• Your goal:
Using the data below, return word for word every line from the one holding "Konštrukcia je vyrobená" down to the one holding "Замок с электроблокировкой". Leave pictures out.

++++ Dataset extract

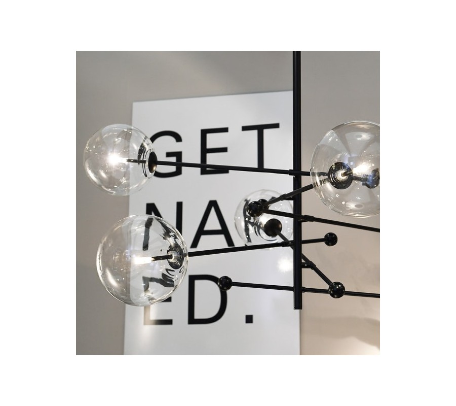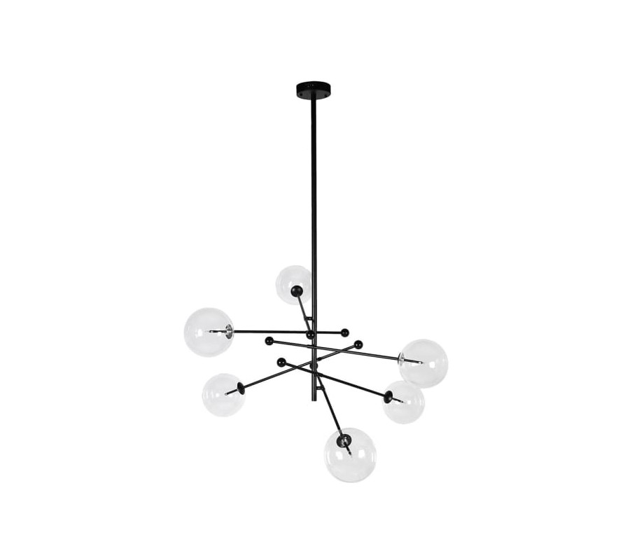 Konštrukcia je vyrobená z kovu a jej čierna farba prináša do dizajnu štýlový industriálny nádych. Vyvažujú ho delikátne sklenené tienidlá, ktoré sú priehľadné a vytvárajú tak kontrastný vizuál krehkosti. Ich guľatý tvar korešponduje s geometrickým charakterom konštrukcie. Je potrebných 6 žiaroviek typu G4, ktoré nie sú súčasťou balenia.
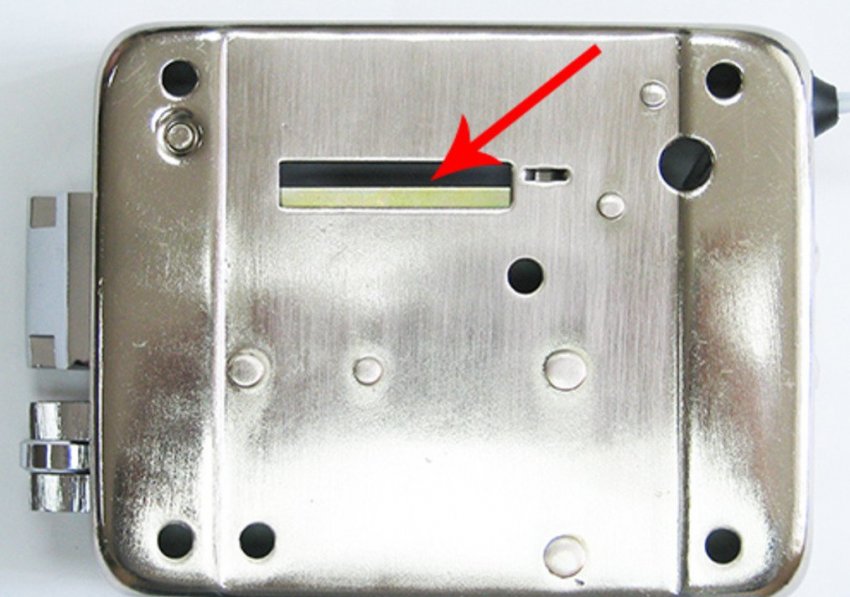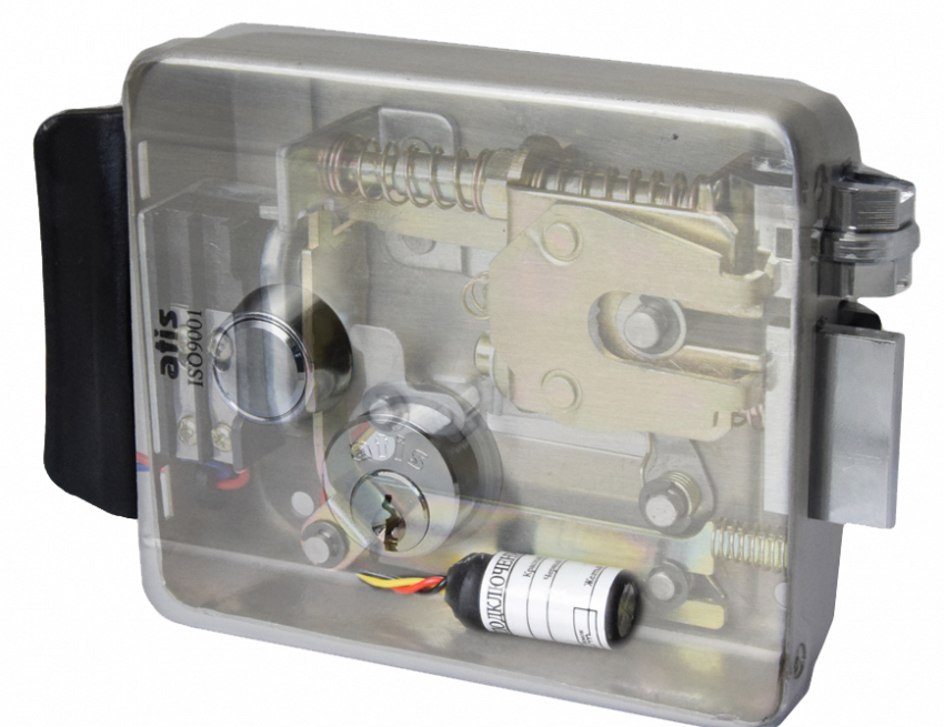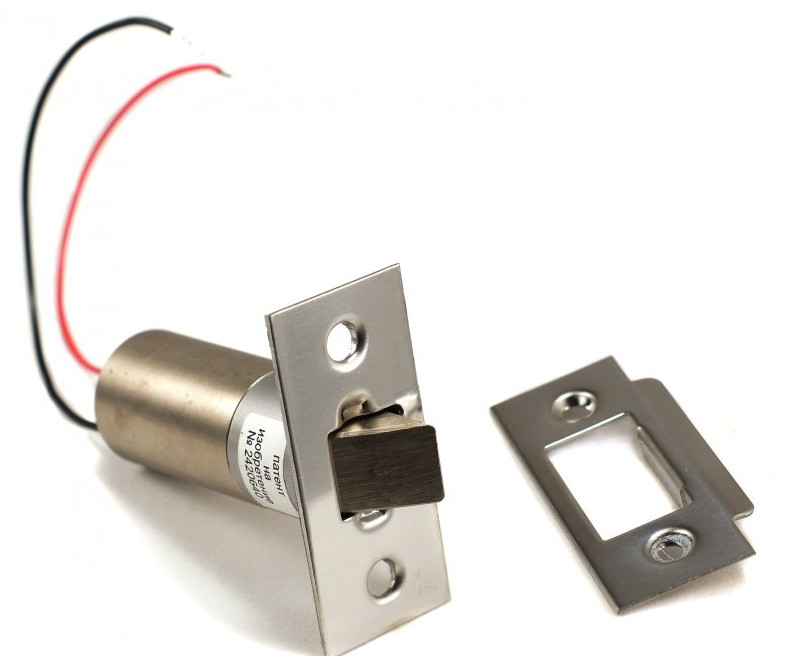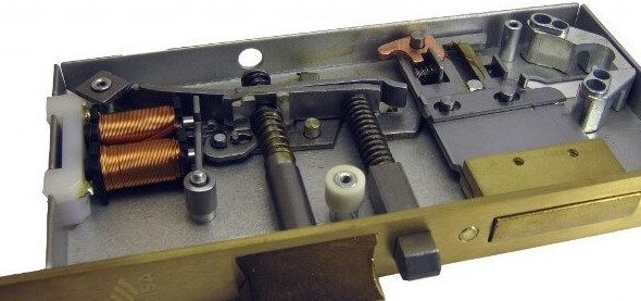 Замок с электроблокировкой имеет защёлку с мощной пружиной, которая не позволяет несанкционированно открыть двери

++++++++
++++ Dataset extract

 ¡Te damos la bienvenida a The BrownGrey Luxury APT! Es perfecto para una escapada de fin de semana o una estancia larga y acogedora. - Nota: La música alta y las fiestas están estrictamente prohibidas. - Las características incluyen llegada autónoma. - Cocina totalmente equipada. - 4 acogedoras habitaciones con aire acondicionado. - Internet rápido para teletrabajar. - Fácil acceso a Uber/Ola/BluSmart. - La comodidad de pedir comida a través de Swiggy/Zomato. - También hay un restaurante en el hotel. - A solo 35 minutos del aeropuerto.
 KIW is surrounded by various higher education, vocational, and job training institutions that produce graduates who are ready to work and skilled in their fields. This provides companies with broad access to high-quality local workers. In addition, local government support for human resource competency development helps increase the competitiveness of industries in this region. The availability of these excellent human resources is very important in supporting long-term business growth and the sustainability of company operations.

++++++++

• Finished task:
 Konštrukcia je vyrobená z kovu a jej čierna farba prináša do dizajnu štýlový industriálny nádych. Vyvažujú ho delikátne sklenené tienidlá, ktoré sú priehľadné a vytvárajú tak kontrastný vizuál krehkosti. Ich guľatý tvar korešponduje s geometrickým charakterom konštrukcie. Je potrebných 6 žiaroviek typu G4, ktoré nie sú súčasťou balenia.
 Замок с электроблокировкой имеет защёлку с мощной пружиной, которая не позволяет несанкционированно открыть двери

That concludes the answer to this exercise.